> Task:
Output must consist only of the lines of the material below from the one with "顺风车是顺路分享空座的互助出" through the one with "HALTER YAKA FİTİLLİ PAMUK ATLET – FÜME", each reproduced exactly; no pictures belong in it.
----- Input material
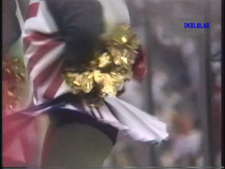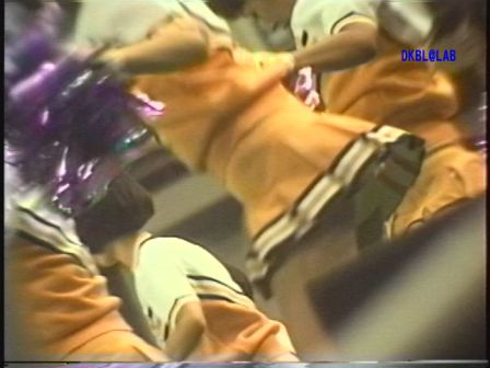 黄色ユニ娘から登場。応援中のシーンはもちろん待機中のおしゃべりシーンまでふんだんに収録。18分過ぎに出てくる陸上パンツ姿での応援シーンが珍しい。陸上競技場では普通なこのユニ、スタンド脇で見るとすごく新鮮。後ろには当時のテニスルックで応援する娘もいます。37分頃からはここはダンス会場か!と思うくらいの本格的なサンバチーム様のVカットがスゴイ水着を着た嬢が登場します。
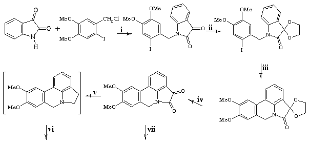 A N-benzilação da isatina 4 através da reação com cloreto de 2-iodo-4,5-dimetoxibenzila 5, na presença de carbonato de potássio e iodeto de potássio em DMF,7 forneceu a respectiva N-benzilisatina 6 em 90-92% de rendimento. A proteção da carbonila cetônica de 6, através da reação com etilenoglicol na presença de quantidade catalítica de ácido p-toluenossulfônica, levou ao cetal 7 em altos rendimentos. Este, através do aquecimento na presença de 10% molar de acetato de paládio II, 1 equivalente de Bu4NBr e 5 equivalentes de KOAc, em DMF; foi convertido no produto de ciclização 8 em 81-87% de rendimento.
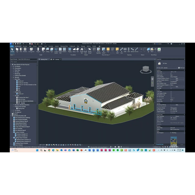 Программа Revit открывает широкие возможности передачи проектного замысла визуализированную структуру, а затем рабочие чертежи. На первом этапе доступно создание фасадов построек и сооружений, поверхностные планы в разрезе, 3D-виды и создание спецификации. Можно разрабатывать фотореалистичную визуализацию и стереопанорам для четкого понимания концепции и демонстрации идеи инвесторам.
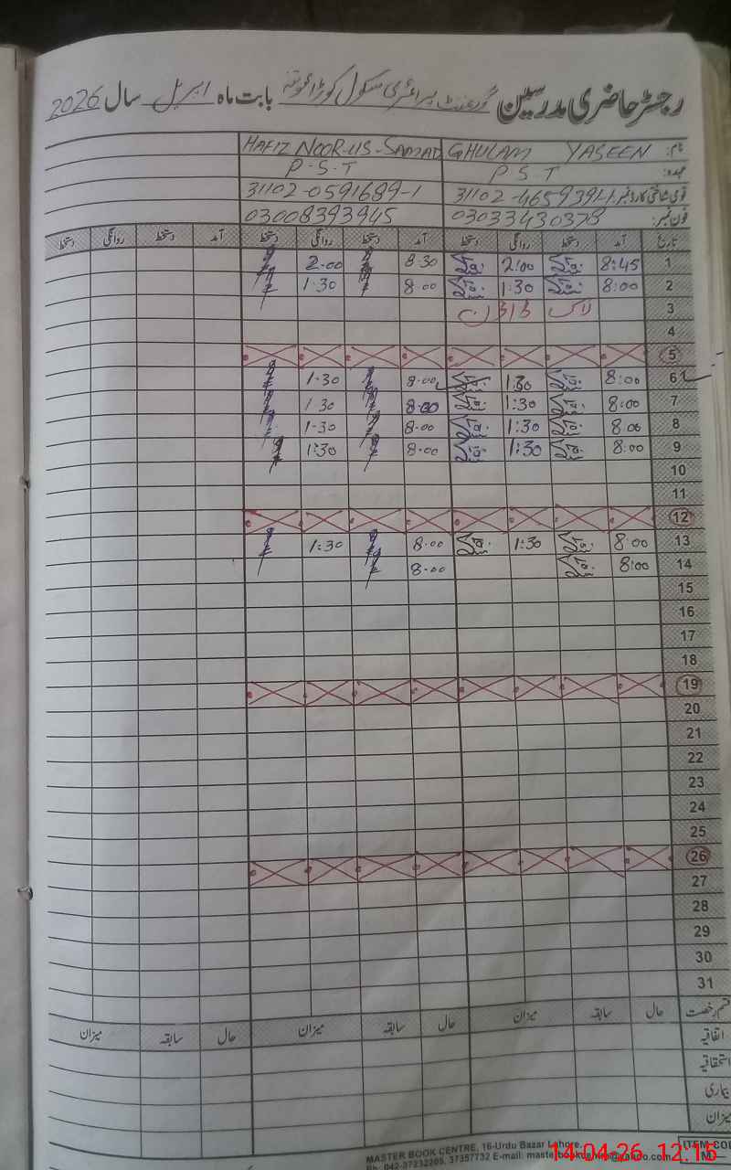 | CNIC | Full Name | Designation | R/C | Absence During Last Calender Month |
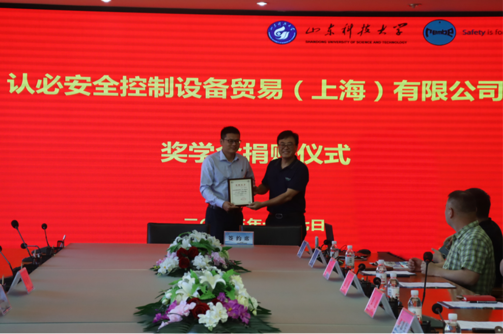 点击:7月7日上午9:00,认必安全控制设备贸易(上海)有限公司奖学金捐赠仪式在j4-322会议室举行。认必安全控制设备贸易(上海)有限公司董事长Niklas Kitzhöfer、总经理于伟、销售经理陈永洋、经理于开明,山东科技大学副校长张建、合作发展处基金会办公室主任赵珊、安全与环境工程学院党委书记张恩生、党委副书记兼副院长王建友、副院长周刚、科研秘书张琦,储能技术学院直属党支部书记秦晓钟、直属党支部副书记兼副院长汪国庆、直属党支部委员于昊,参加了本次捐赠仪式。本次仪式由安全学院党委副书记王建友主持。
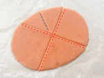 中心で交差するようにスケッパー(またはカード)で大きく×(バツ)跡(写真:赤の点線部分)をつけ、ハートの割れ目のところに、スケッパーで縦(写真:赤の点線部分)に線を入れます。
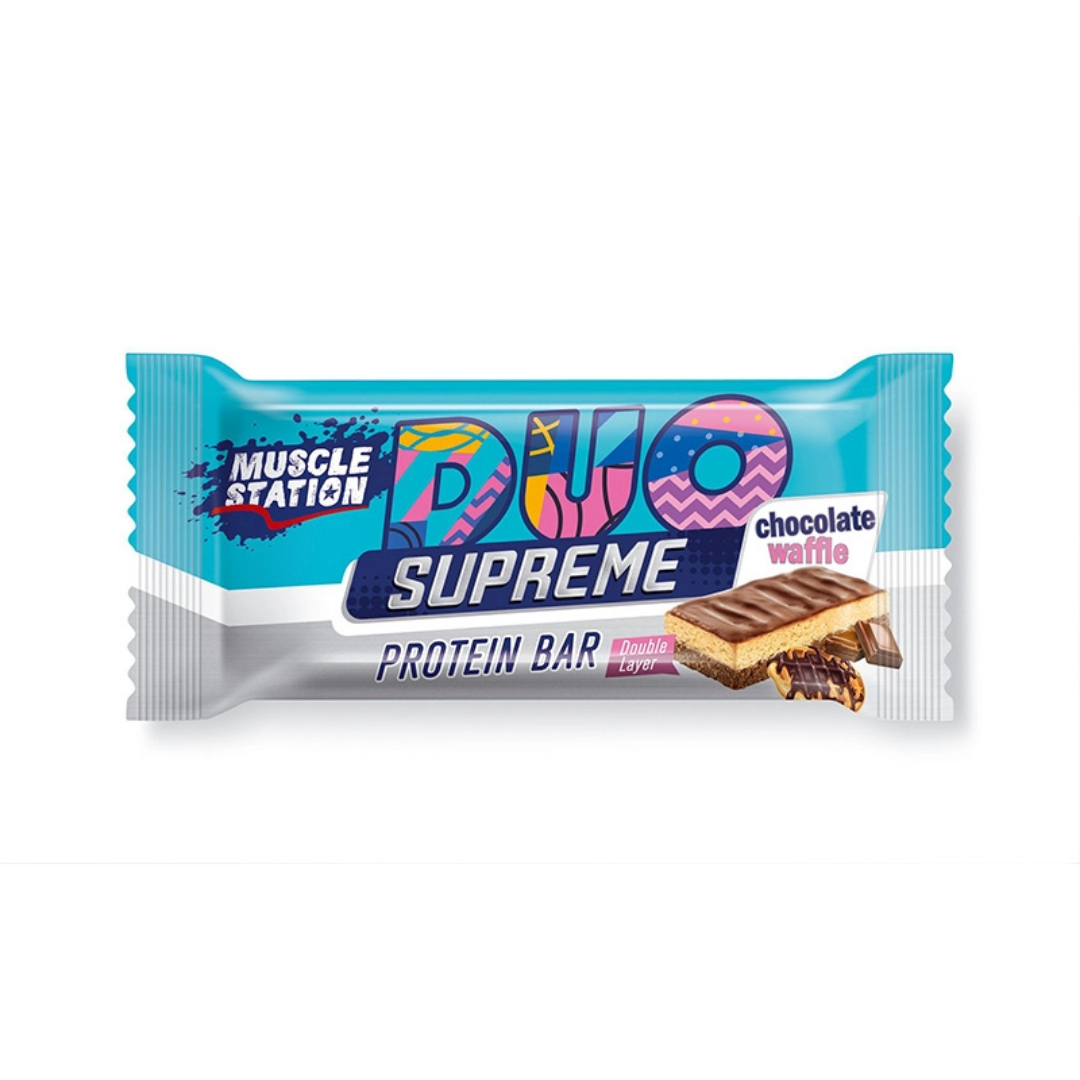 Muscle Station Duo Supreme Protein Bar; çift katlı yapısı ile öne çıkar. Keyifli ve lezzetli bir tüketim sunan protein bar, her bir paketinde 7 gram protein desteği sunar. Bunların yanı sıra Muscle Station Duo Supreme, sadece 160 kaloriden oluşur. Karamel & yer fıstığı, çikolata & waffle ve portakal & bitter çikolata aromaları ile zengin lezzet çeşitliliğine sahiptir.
----------
----- Input material
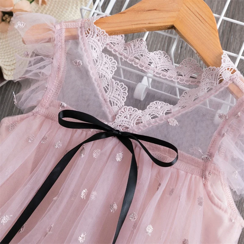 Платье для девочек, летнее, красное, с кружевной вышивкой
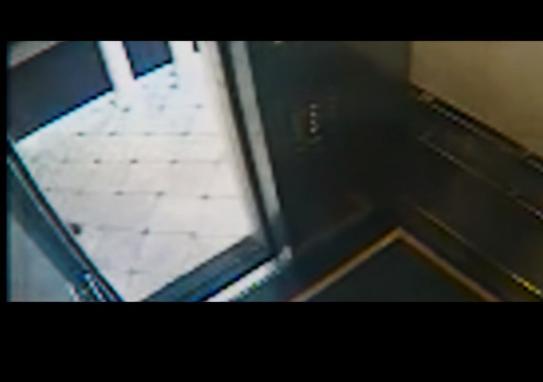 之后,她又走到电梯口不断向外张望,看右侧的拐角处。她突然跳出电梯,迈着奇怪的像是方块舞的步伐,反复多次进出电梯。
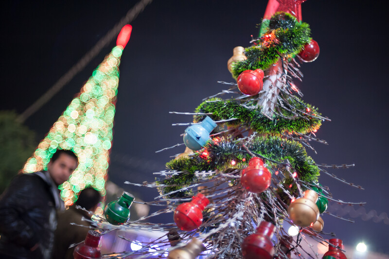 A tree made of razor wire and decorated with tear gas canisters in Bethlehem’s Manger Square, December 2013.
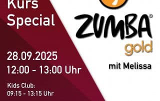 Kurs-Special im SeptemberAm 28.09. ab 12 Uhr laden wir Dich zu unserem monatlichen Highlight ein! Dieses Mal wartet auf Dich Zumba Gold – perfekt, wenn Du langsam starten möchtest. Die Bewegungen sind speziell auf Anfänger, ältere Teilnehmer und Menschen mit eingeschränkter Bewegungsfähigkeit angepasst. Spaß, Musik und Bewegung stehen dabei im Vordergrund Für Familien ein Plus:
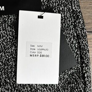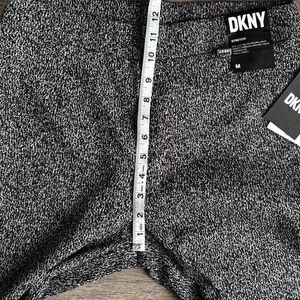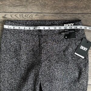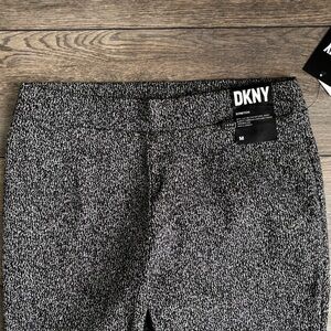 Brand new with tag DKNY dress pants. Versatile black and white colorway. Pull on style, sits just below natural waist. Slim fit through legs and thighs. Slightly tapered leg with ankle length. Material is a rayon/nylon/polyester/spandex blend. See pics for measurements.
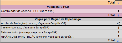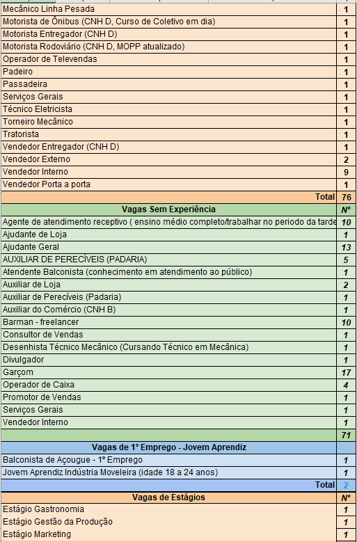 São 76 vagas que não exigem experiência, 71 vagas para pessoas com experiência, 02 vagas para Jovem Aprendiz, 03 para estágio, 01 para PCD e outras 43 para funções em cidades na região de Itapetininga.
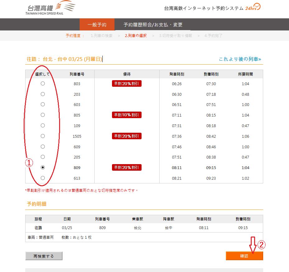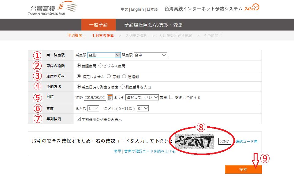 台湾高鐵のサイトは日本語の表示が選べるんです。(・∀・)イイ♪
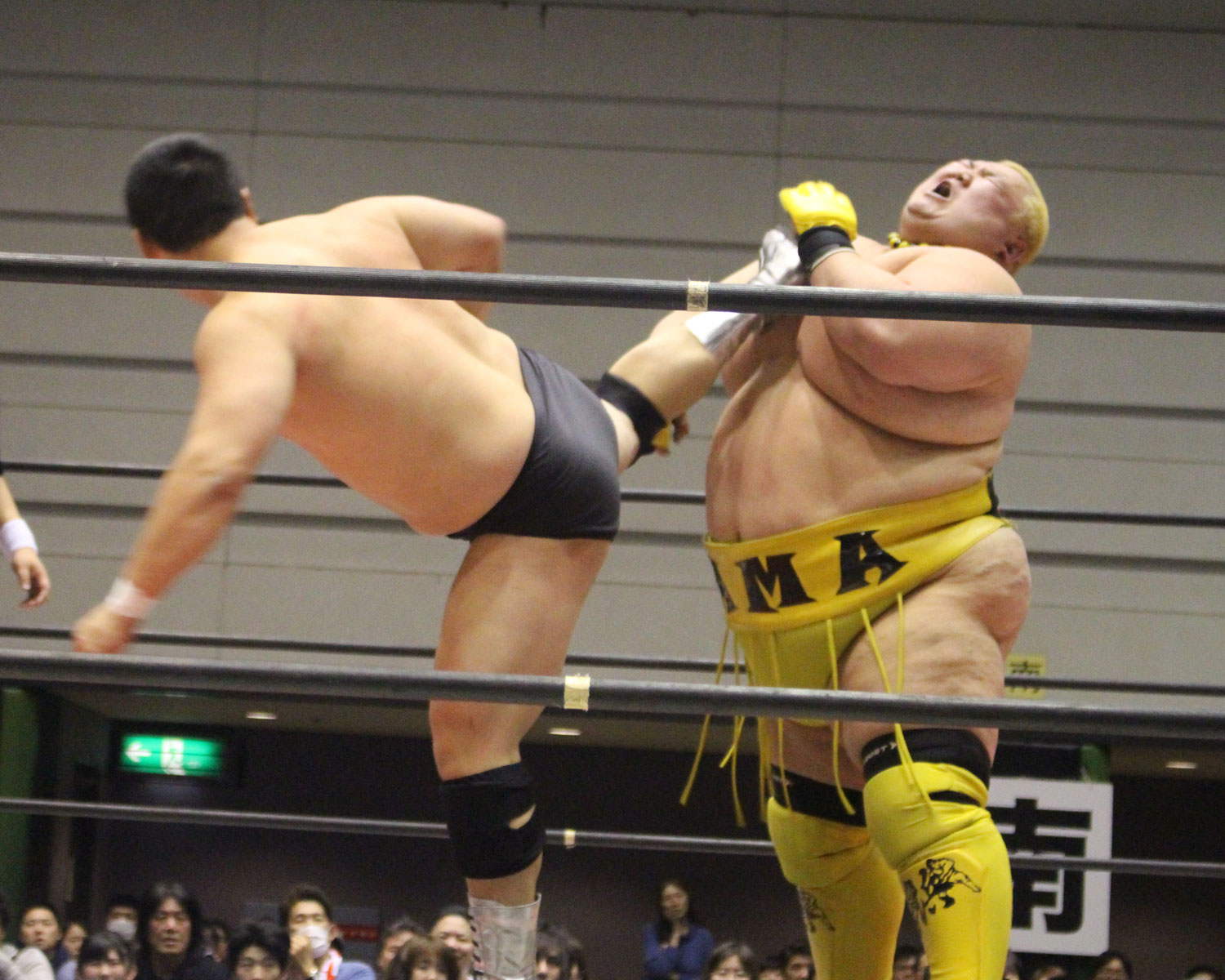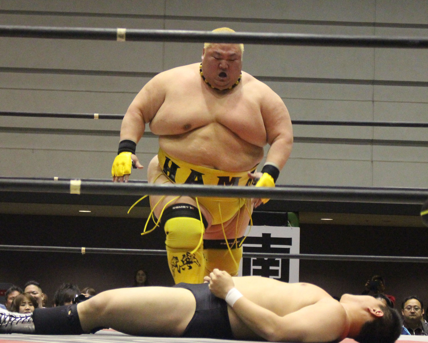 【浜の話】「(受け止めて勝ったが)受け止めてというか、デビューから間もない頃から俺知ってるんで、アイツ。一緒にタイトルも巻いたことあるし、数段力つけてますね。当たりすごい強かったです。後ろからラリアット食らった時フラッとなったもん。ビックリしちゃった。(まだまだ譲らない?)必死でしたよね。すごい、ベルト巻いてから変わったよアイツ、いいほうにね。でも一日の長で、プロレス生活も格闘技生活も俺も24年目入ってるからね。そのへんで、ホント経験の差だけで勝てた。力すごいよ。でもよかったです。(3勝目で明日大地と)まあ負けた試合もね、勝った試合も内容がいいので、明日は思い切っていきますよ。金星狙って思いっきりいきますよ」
----------
----- Input material
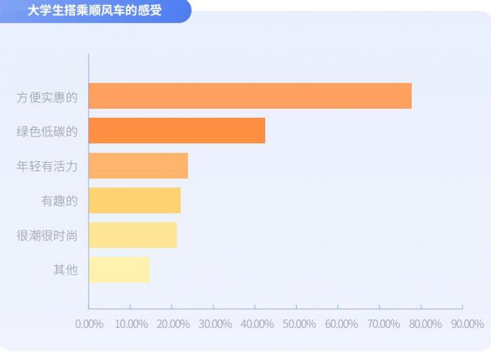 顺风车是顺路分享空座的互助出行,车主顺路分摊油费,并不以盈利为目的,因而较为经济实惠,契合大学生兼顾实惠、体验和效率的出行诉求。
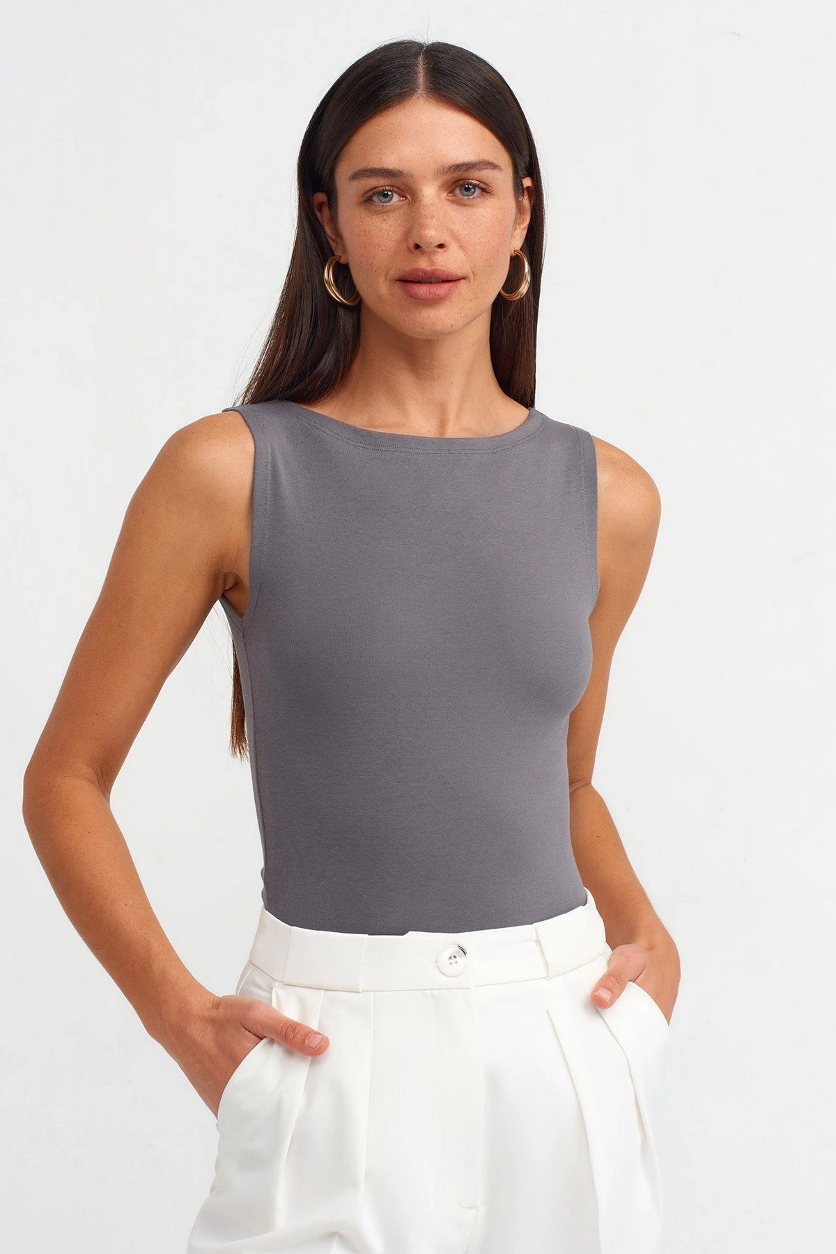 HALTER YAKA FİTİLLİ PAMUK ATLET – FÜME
----------
> Task answer:
 顺风车是顺路分享空座的互助出行,车主顺路分摊油费,并不以盈利为目的,因而较为经济实惠,契合大学生兼顾实惠、体验和效率的出行诉求。
 HALTER YAKA FİTİLLİ PAMUK ATLET – FÜME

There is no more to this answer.